Roku Rooting for Pay TV Growth

SAN FRANCISCO — Roku is often viewed as a tool for cord-cutters because it’s a major source of over-the-top video, but the streaming platform has also managed to forge a friendship with traditional pay TV.

“We get painted with that cord-cutter brush like we’re the enemy of pay TV,” Steve Shannon, Roku’s general manager of content services, said during a keynote discussion with Broadcasting & Cable contributor George Winslow at the Next TV Summit here. “But that being said, we don’t root for the demise of pay TV at all. In fact, we’d like to see it grow … we just want it to be on our platform.”

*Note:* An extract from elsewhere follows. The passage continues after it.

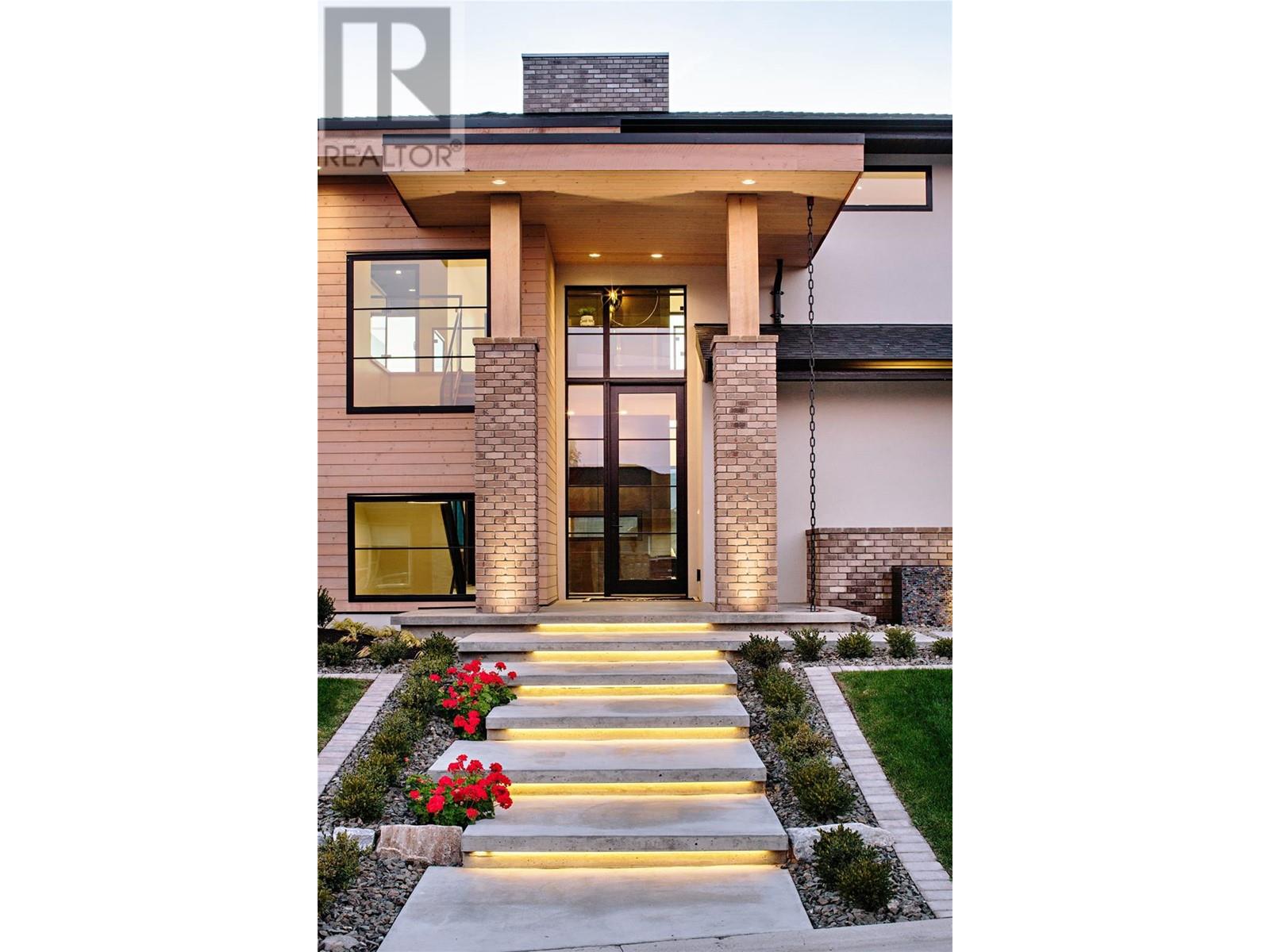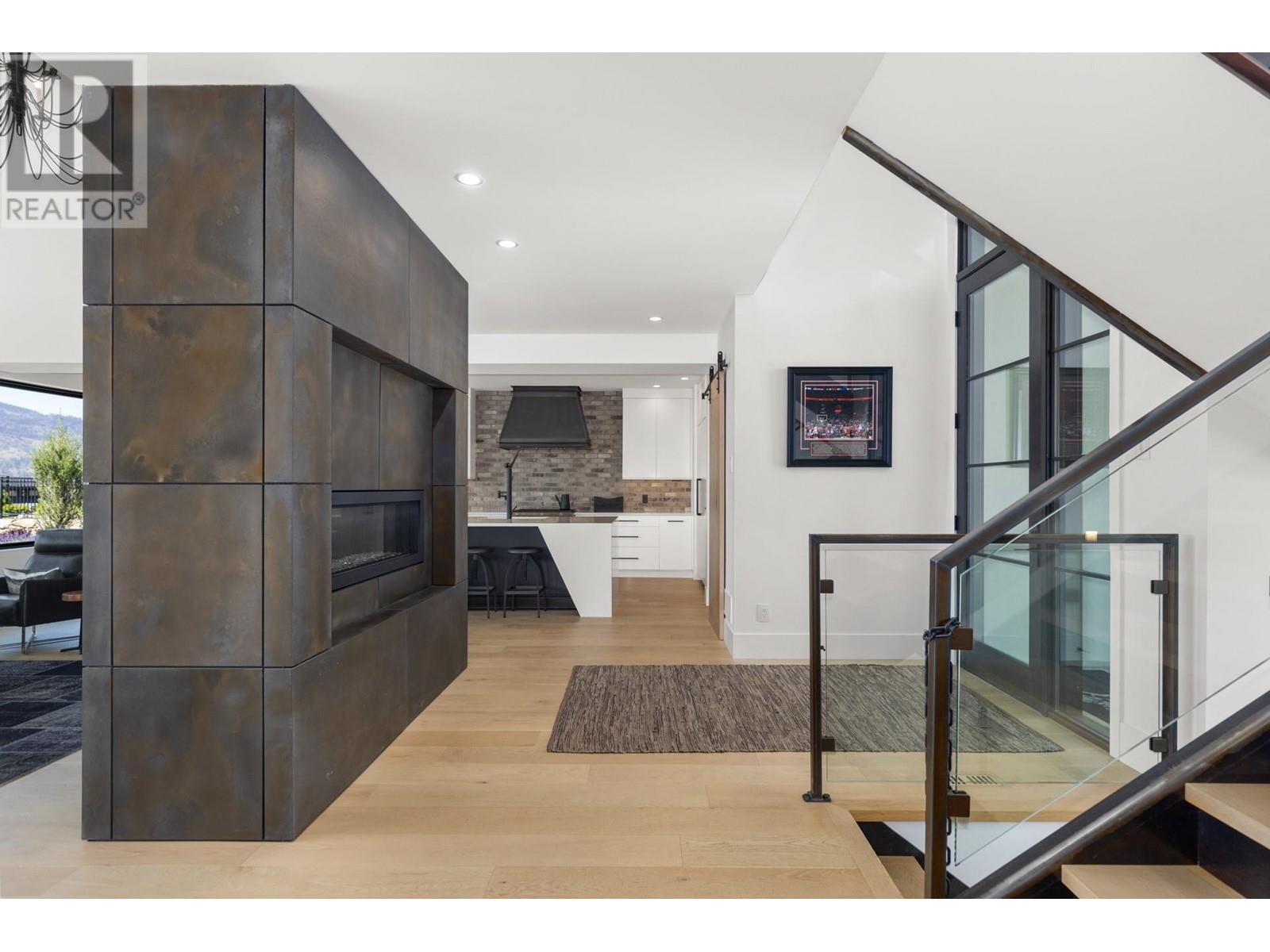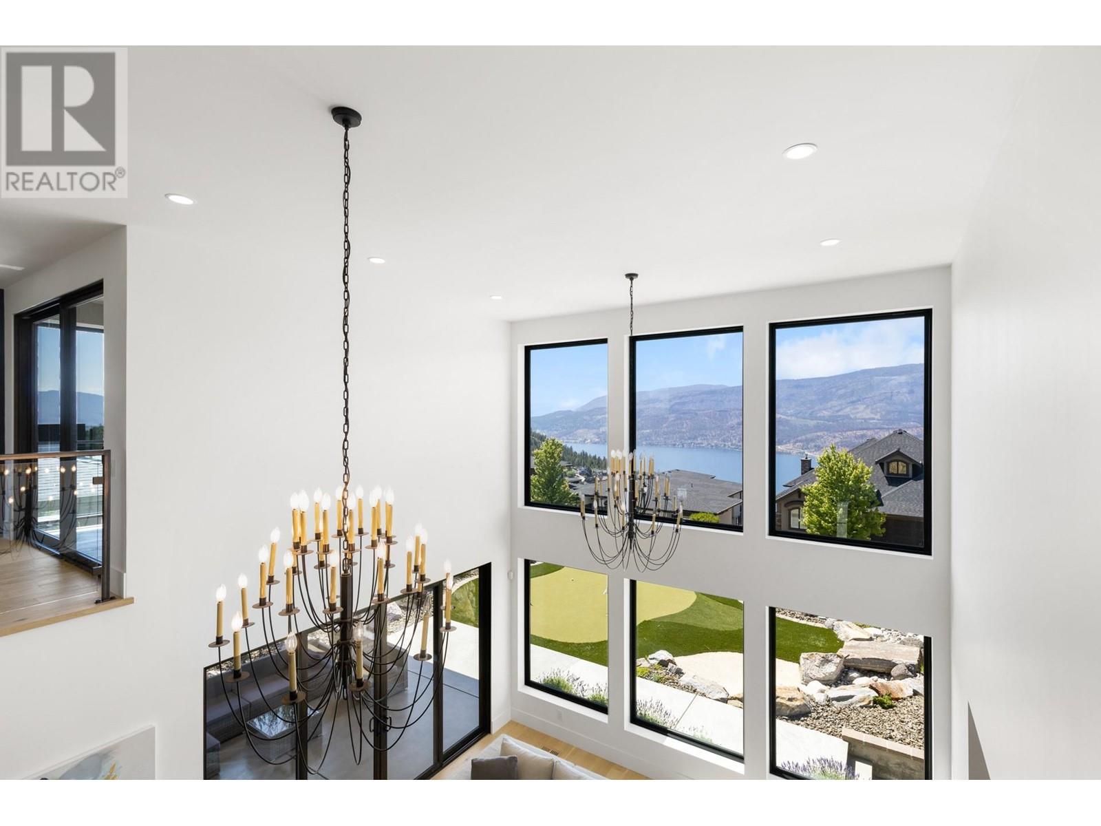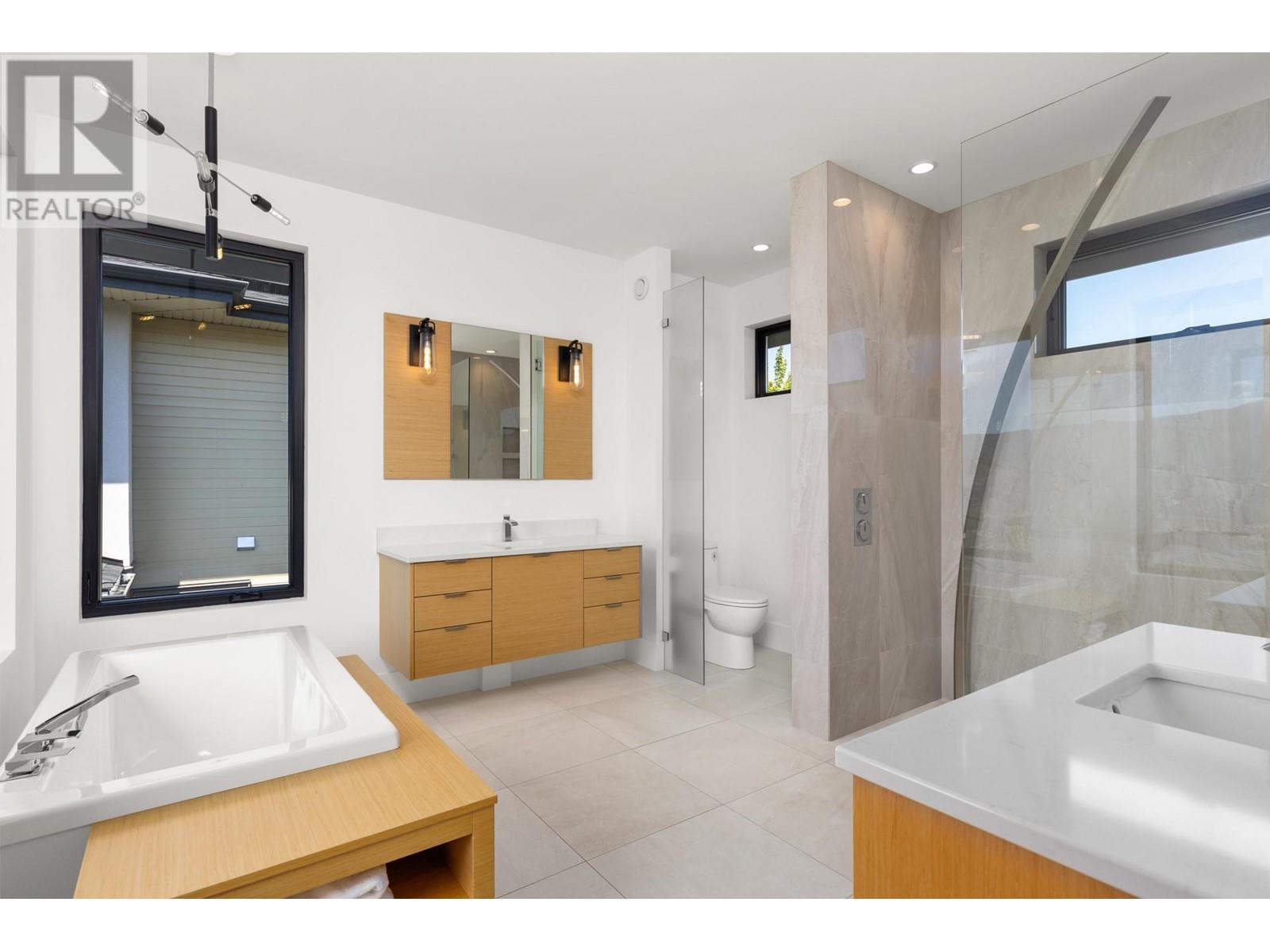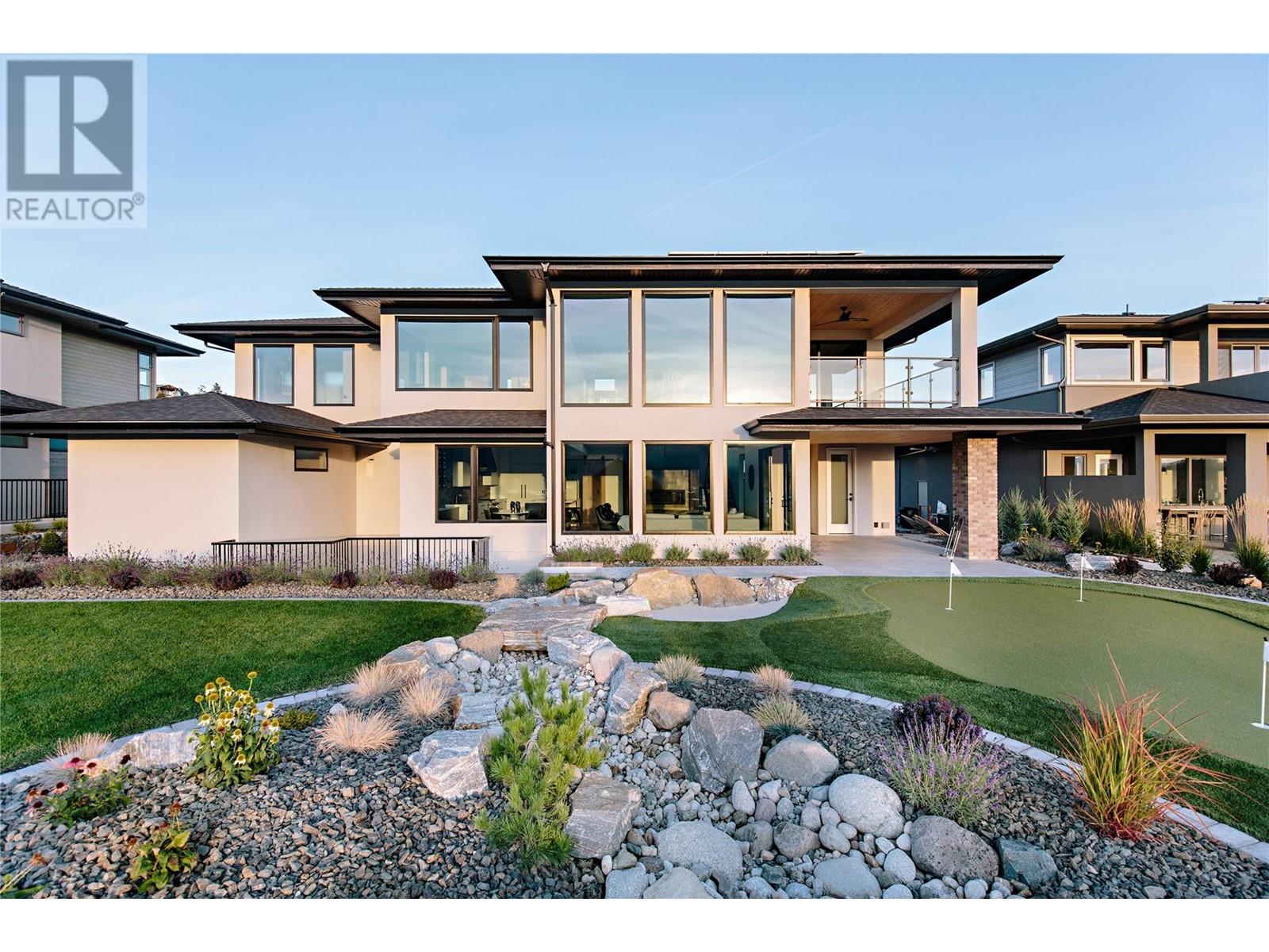 A unique opportunity in the prestigious Wilden neighbourhood, this custom built 2019 show home of the year from award winning builder Fawdry Homes will take your breath away w/sweeping 180 degree views of the Okanagan Lake + mountains.  Truly designed for entertaining, this 4 bedroom + den modern home offers an open main flr plan w/2 stories of great room windows framing the amazing views opening into the covered patio area merging into the meticulously maintained low maintenance rear yard.  Main flor features inc:  a large kitchen w/over-sized Wolf gas range, panel Sub-Zero fridge/freezer, pantry/mudroom w/tons of storage, wet bar w/beverage fridge, 2 storey linear gas fireplace, spacious great room, 3 piece bath + office/future bedroom. Upper flr offers a lg primary suite w/built-in custom bed, his/her walk-in closet, a spacious ensuite w/lg soaker tub + curbless tiled shower, left style TV area, wet bar, 1/2 bath + the lg covered deck to soak in the sweeping views.  Bsmt offers 2 full bedrooms, a 3 piece bathroom, wet bar/kitchen area however with the open design + lg windows, the potential for additional bedrooms.  Basement also offers a separate grade to basement level entrance which would all for a possible suite.  Other features include a 3 car garage, advanced heating/cooling system, underground sprinklers, solar panel system, full central vacuum w/hidden hose attachments + full security/camera system.  Full New Home Warranty inlcuded.  Potential for a pool. (id:48970)

Roku has put those words into action with cable MSOs Charter Communications and Time Warner Cable, which offer authenticated apps for the Roku platform and more integrated partnerships.

TWC, for example, is testing a set of Internet-protocol TV tiers in New York for broadband-only subscribers that use the Roku in lieu of a traditional set-top box (see cover story). Charter Communications is doing something similar with its trials of Spectrum TV Stream, an offering that starts at $13 for the broadcast-TV channels, plus HBO or Showtime.

“The more money that’s flowing through the pay TV ecosystem, the better off we are, so we partner very closely with cable operators and cable networks … to help them be successful in a streaming environment and to grow their business,” he said.

Shannon reiterated that Roku has no plans to sell content directly to consumers, as Amazon, Apple and Google do.

“It’s a differentiator from our competition in that we don’t compete with our content providers,” he said.